▶ **INFORMATION SHOWN**
********

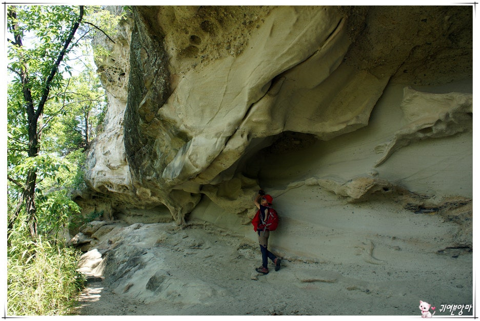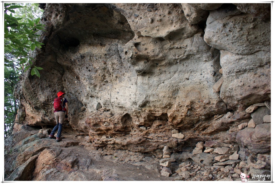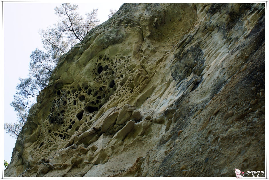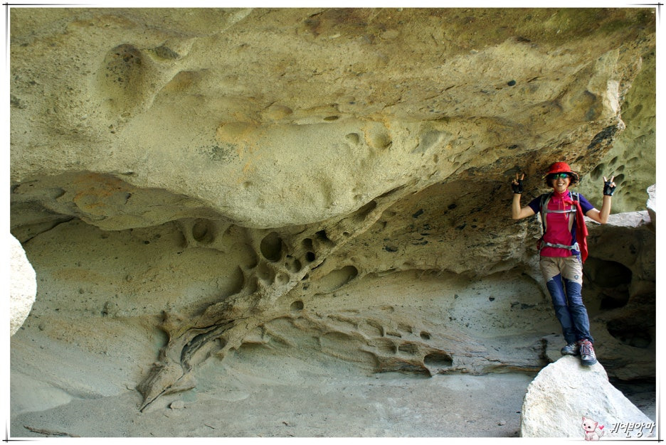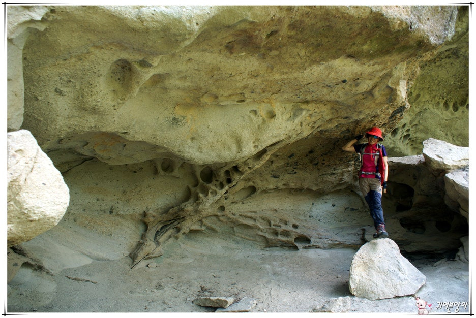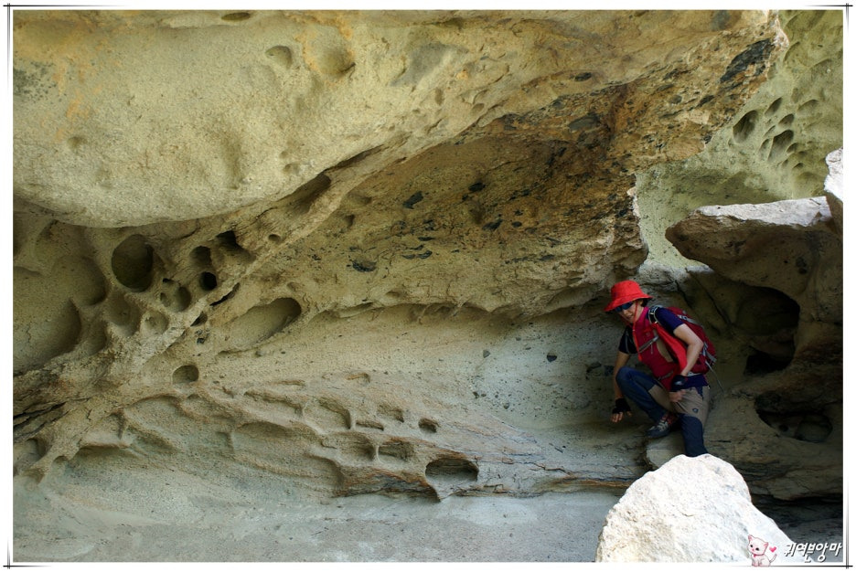 머리 위쪽으로는...구멍이 숭숭둘린 바위가 올려다 보이고....
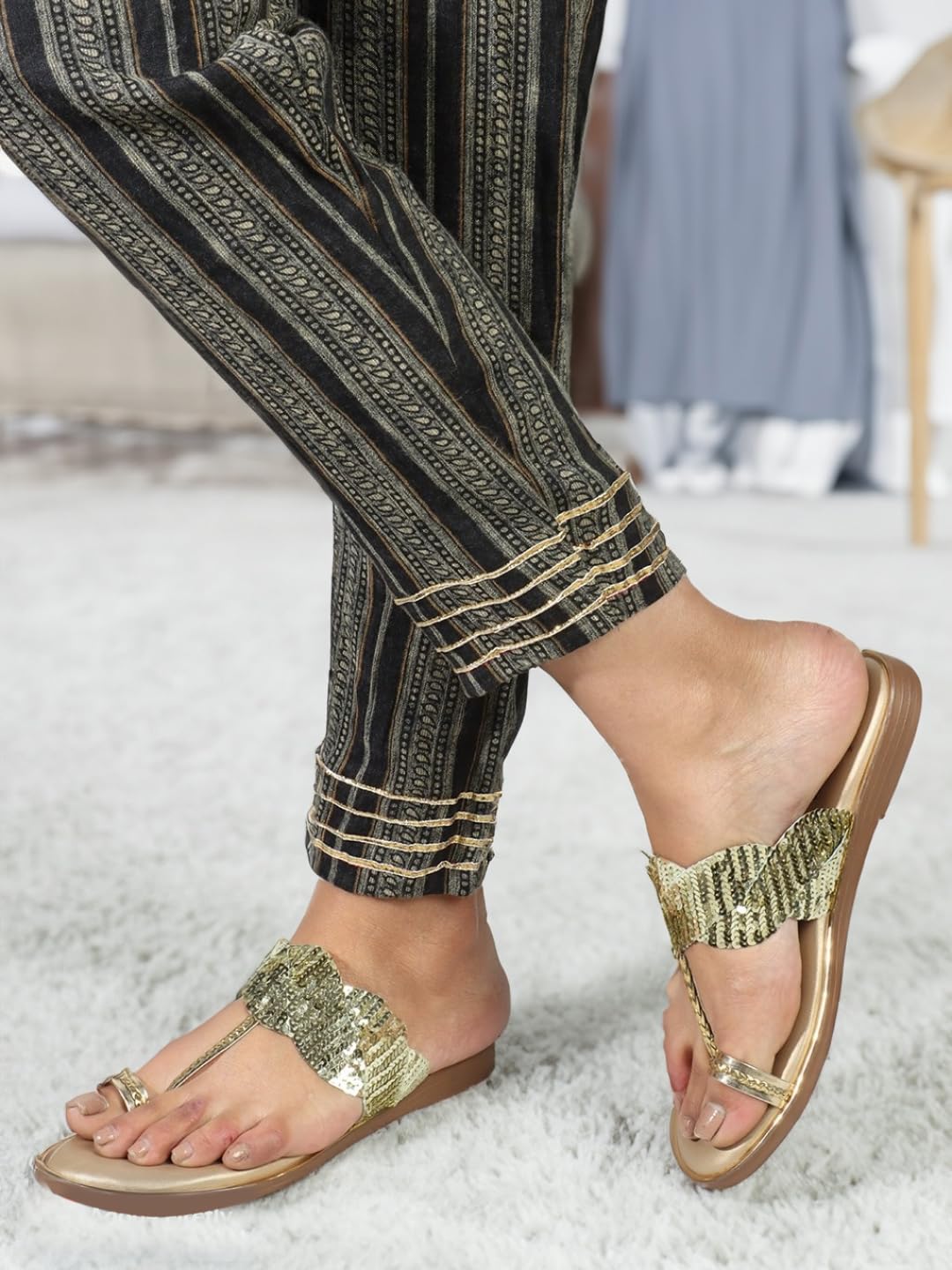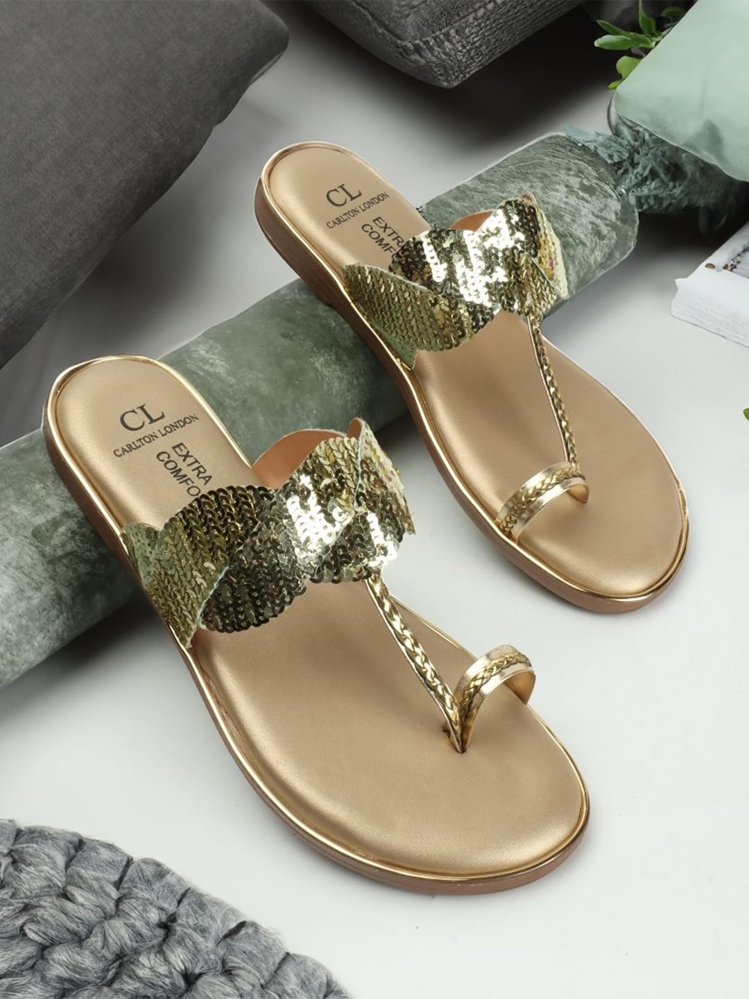 Carlton London women’s Stylish Embellished Toe Ring Flat Comfortable Sandals
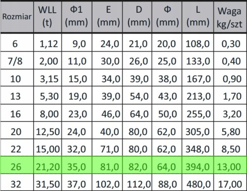 Rozmiar 26 nośność 21,2T
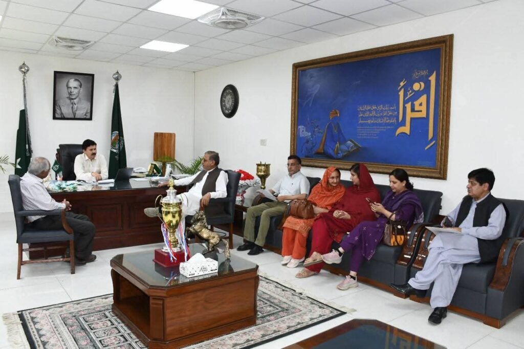 ترقی پذیر ممالک میں پانی کی قلت، سیلاب، خشک سالی اور ماحولیاتی تبدیلی سمیت زرعی شعبے میں درپیش چیلنجز سےنمٹنے کے قائم بین الاقوامی ادارے انٹرنیشنل واٹر مینجمنٹ انسٹیٹیوٹ (IWMI)کے وفد نے وائس چانسلر ہزارہ یونیورسٹی مانسہرہ پروفیسر ڈاکٹر اکرام اللہ خان سے ملاقات کی۔وفد کے سربراہIWMIکے کنٹری ڈائریکٹر ڈاکٹرمحمد اشرف نے وائس چانسلر سے یونیورسٹی میں جاری واٹر ریسورس اکاؤنٹیبلٹی پاکستان WRAPمنصوبے پر تبادلہ خیال کیا اور اس پر ہونے والی پیشرفت کا جائزہ لیا۔

********

▶ **WHAT IS EXPECTED**
Print all of the material exactly. Omit pictures.

▶ **ANSWER TO THE EXERCISE**
 머리 위쪽으로는...구멍이 숭숭둘린 바위가 올려다 보이고....
 Carlton London women’s Stylish Embellished Toe Ring Flat Comfortable Sandals
 Rozmiar 26 nośność 21,2T
 ترقی پذیر ممالک میں پانی کی قلت، سیلاب، خشک سالی اور ماحولیاتی تبدیلی سمیت زرعی شعبے میں درپیش چیلنجز سےنمٹنے کے قائم بین الاقوامی ادارے انٹرنیشنل واٹر مینجمنٹ انسٹیٹیوٹ (IWMI)کے وفد نے وائس چانسلر ہزارہ یونیورسٹی مانسہرہ پروفیسر ڈاکٹر اکرام اللہ خان سے ملاقات کی۔وفد کے سربراہIWMIکے کنٹری ڈائریکٹر ڈاکٹرمحمد اشرف نے وائس چانسلر سے یونیورسٹی میں جاری واٹر ریسورس اکاؤنٹیبلٹی پاکستان WRAPمنصوبے پر تبادلہ خیال کیا اور اس پر ہونے والی پیشرفت کا جائزہ لیا۔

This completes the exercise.